What to produce: Your reply should hold every record exactly as given, with no pictures in it.

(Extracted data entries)
<<<<
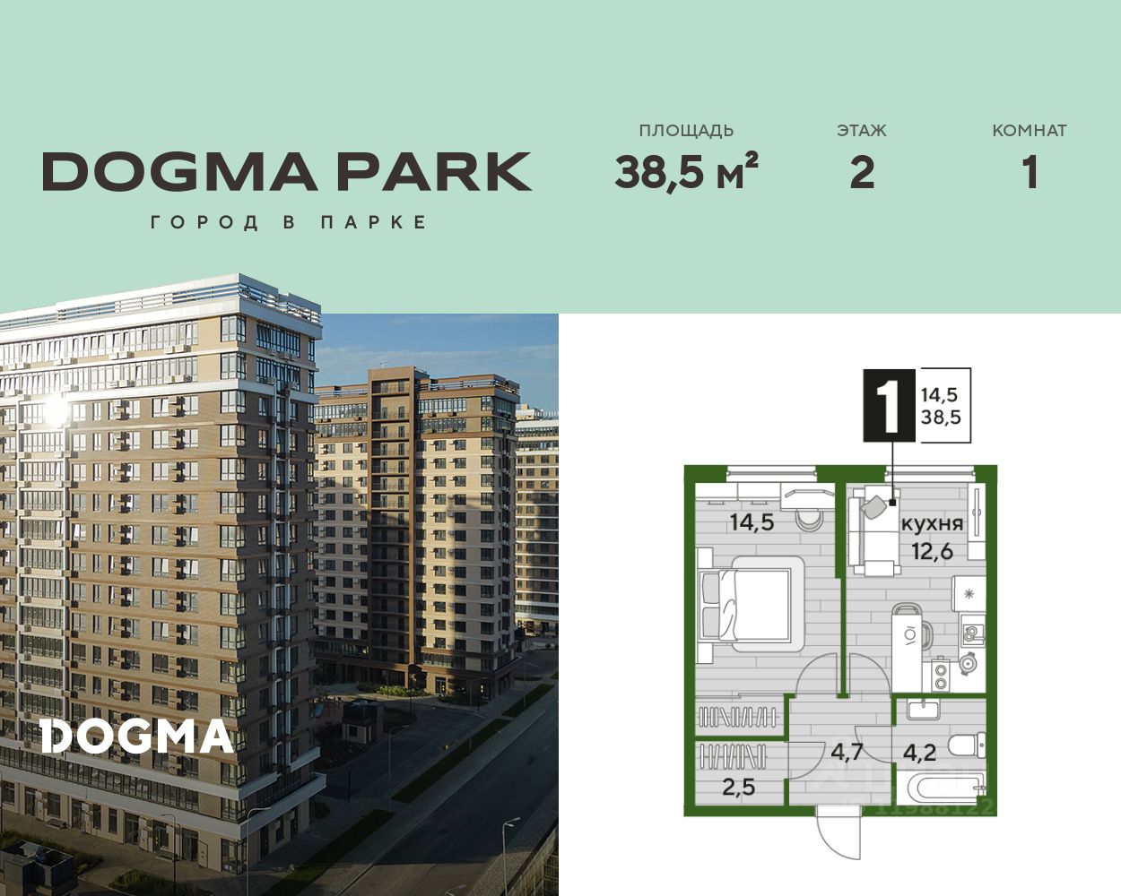 В продаже 1-комнатная квартира от застройщика! Мкр. "DOGMA PARK" г. Краснодар, Литер 5 Срок сдачи: 4 кв. 2026, общей площадью 38.5 кв.м., на 2 этаже.
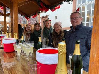 Bei Live-Musik von „Nino meets Angelo“ schenkten Viezkönigin Jule I. und ihre Prinzessinnen Jasmin und Vanessa mit Peter Schill vom „Verein für Handel und Gewerbe“ und Schlagersängerin Jennifer Junker Sekt für den guten Zweck aus. Die Spenden kamen dabei wieder der Veranstaltung „Heiligabend allein, das muss nicht sein“ der Evangelischen Kirchengemeinde zugute, die bereits zum 29. Mal von Frank Paqué und seinen fleißigen Helfern durchgeführt wurde.
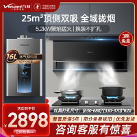 万和25m³顶侧双吸油烟机7字机燃气灶AI双伺服燃气热水器天然气烟灶热三件套装WL856+C5+ME5T16烟灶套餐
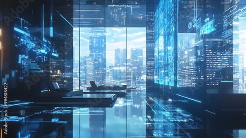 abstract business interior background, blue window double exposure, technology.
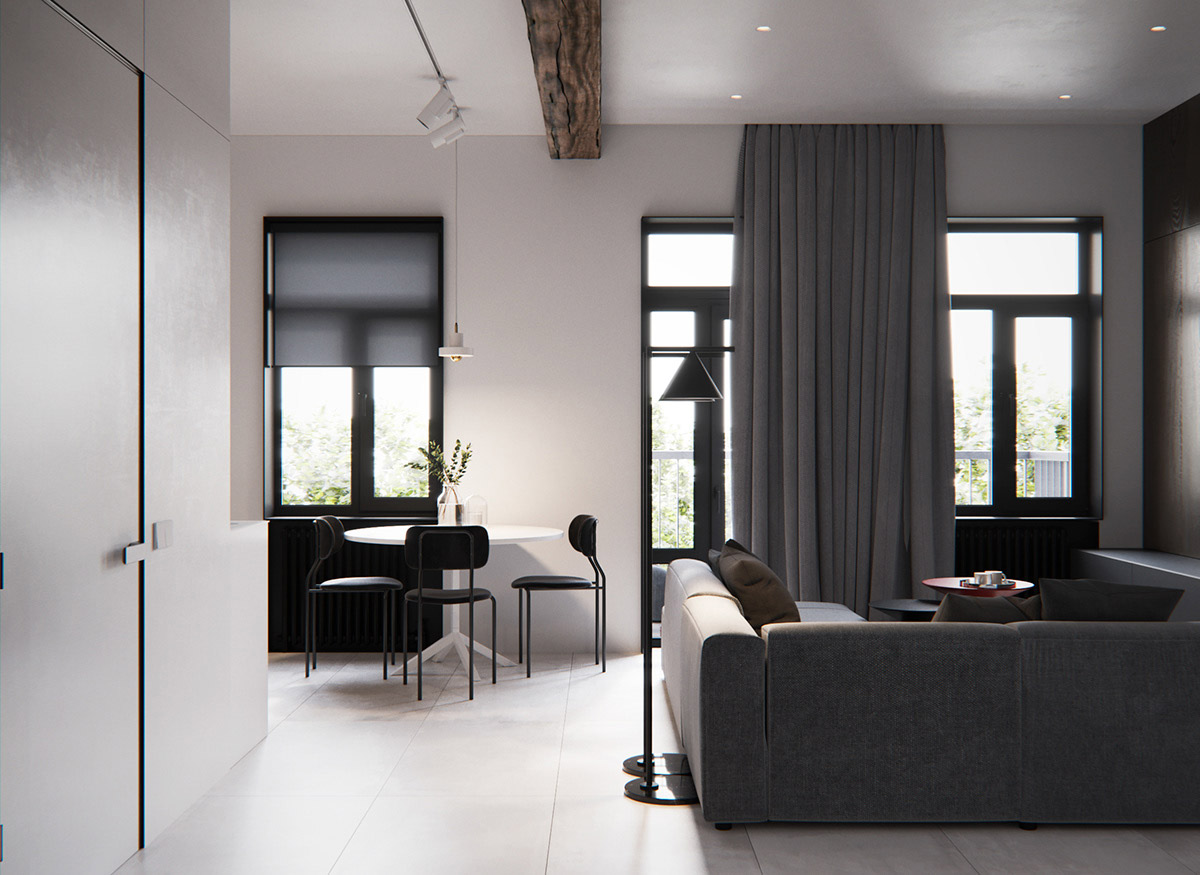 單色用餐區(qū)位于沙發(fā)后面。
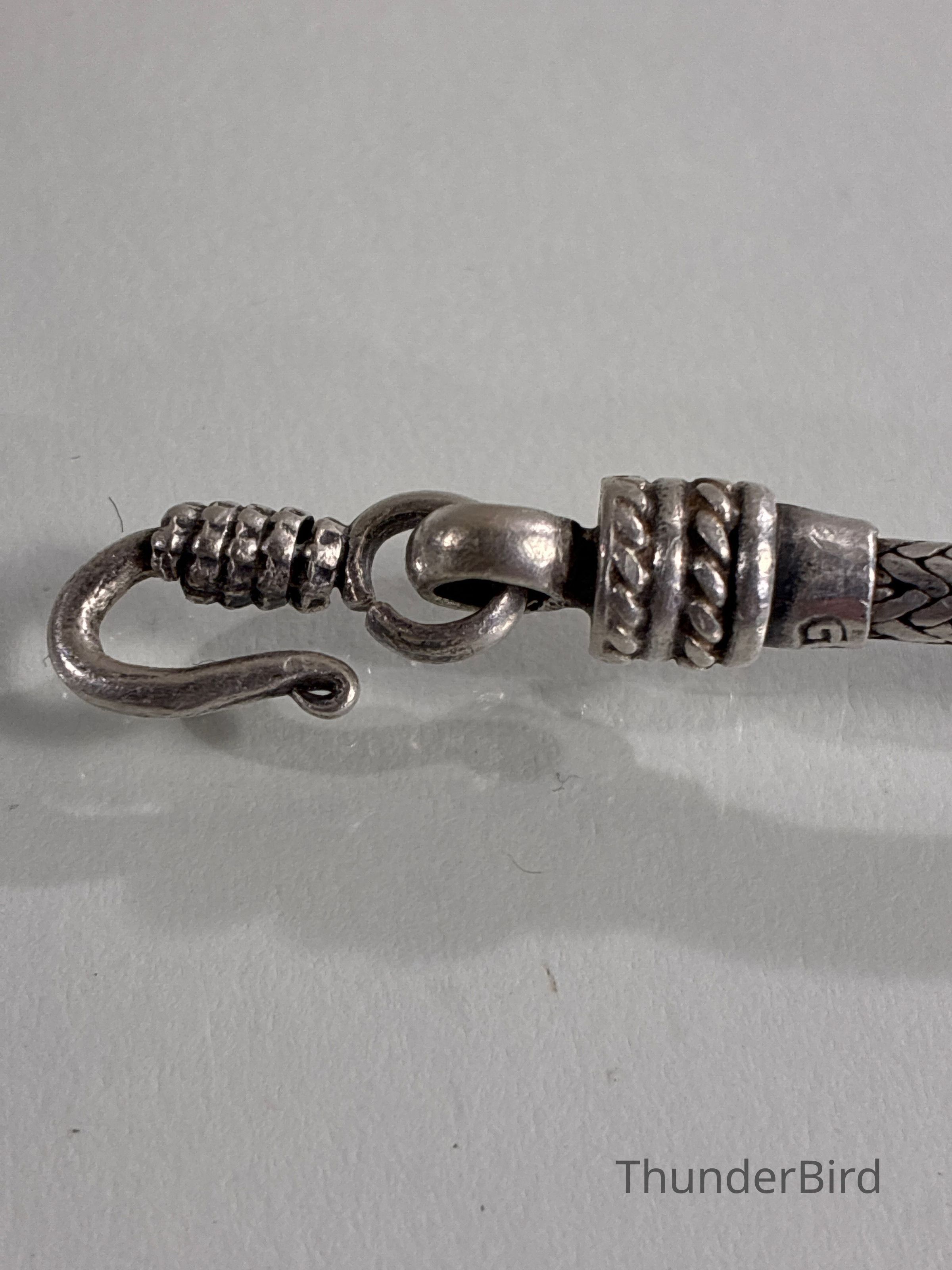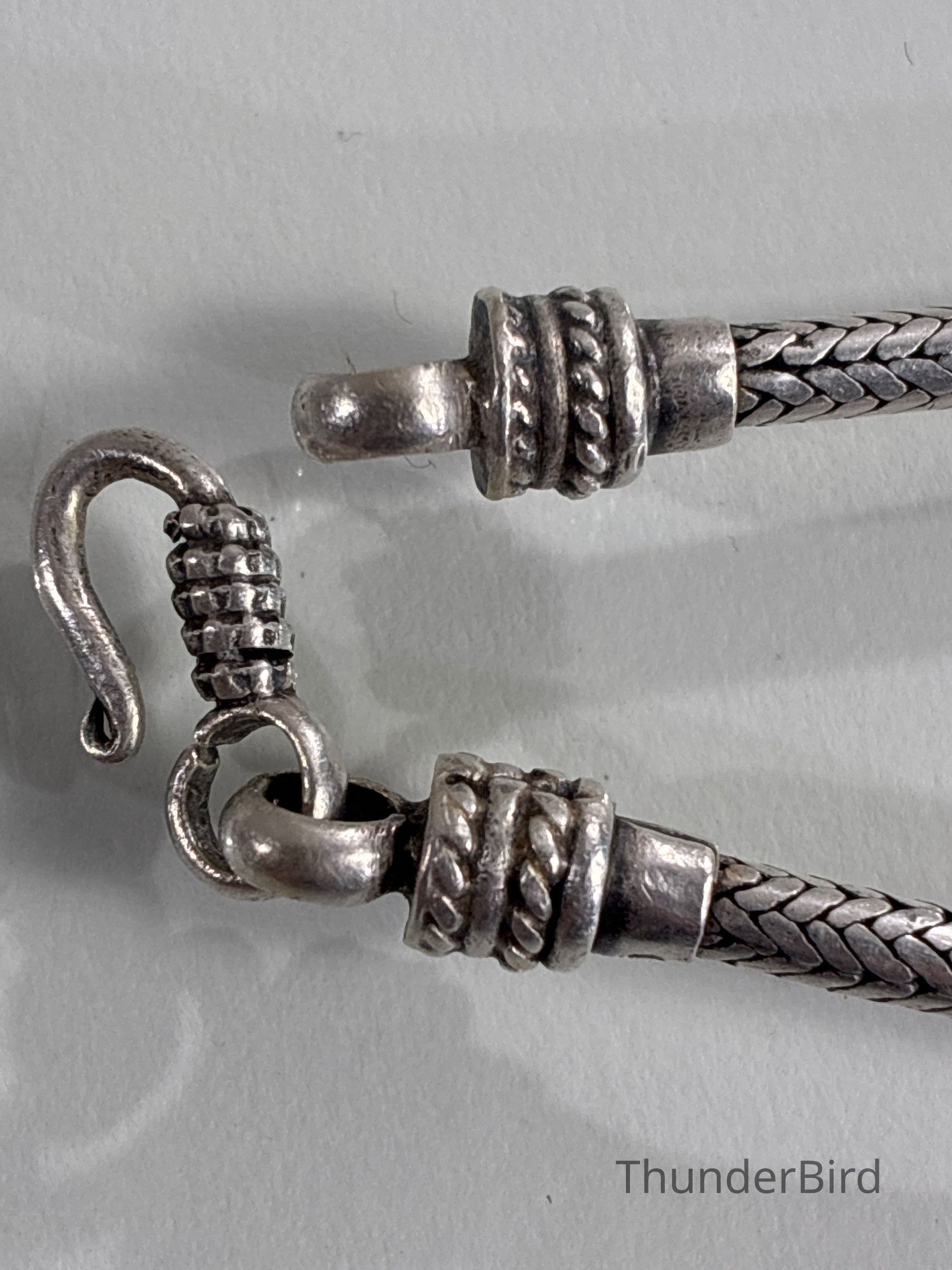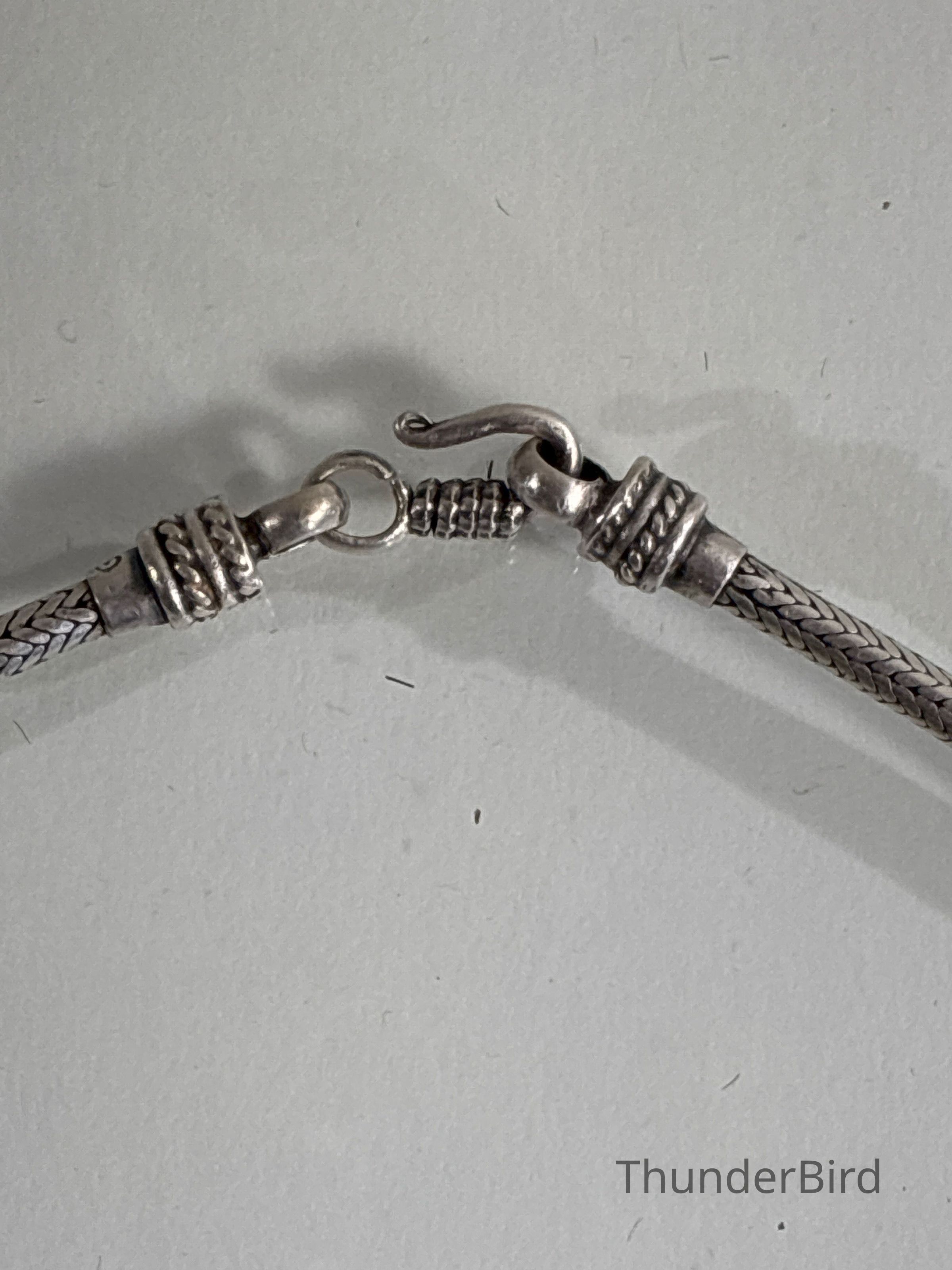 Beautifully crafted artisan necklace in a dense foxtail or plaited woven silver design. Believed to be solid sterling silver based on weight, finish, and lack of visible wear. The piece is highly tactile with a pleasing drape, featuring detailed twisted wire terminals and a traditional hook clasp—characteristic of handcrafted silver jewellery from India or Southeast Asia, popular from the 1980s onward.
>>>>
Result of this exercise:
 В продаже 1-комнатная квартира от застройщика! Мкр. "DOGMA PARK" г. Краснодар, Литер 5 Срок сдачи: 4 кв. 2026, общей площадью 38.5 кв.м., на 2 этаже.
 Bei Live-Musik von „Nino meets Angelo“ schenkten Viezkönigin Jule I. und ihre Prinzessinnen Jasmin und Vanessa mit Peter Schill vom „Verein für Handel und Gewerbe“ und Schlagersängerin Jennifer Junker Sekt für den guten Zweck aus. Die Spenden kamen dabei wieder der Veranstaltung „Heiligabend allein, das muss nicht sein“ der Evangelischen Kirchengemeinde zugute, die bereits zum 29. Mal von Frank Paqué und seinen fleißigen Helfern durchgeführt wurde.
 万和25m³顶侧双吸油烟机7字机燃气灶AI双伺服燃气热水器天然气烟灶热三件套装WL856+C5+ME5T16烟灶套餐
 abstract business interior background, blue window double exposure, technology.
 單色用餐區(qū)位于沙發(fā)后面。
 Beautifully crafted artisan necklace in a dense foxtail or plaited woven silver design. Believed to be solid sterling silver based on weight, finish, and lack of visible wear. The piece is highly tactile with a pleasing drape, featuring detailed twisted wire terminals and a traditional hook clasp—characteristic of handcrafted silver jewellery from India or Southeast Asia, popular from the 1980s onward.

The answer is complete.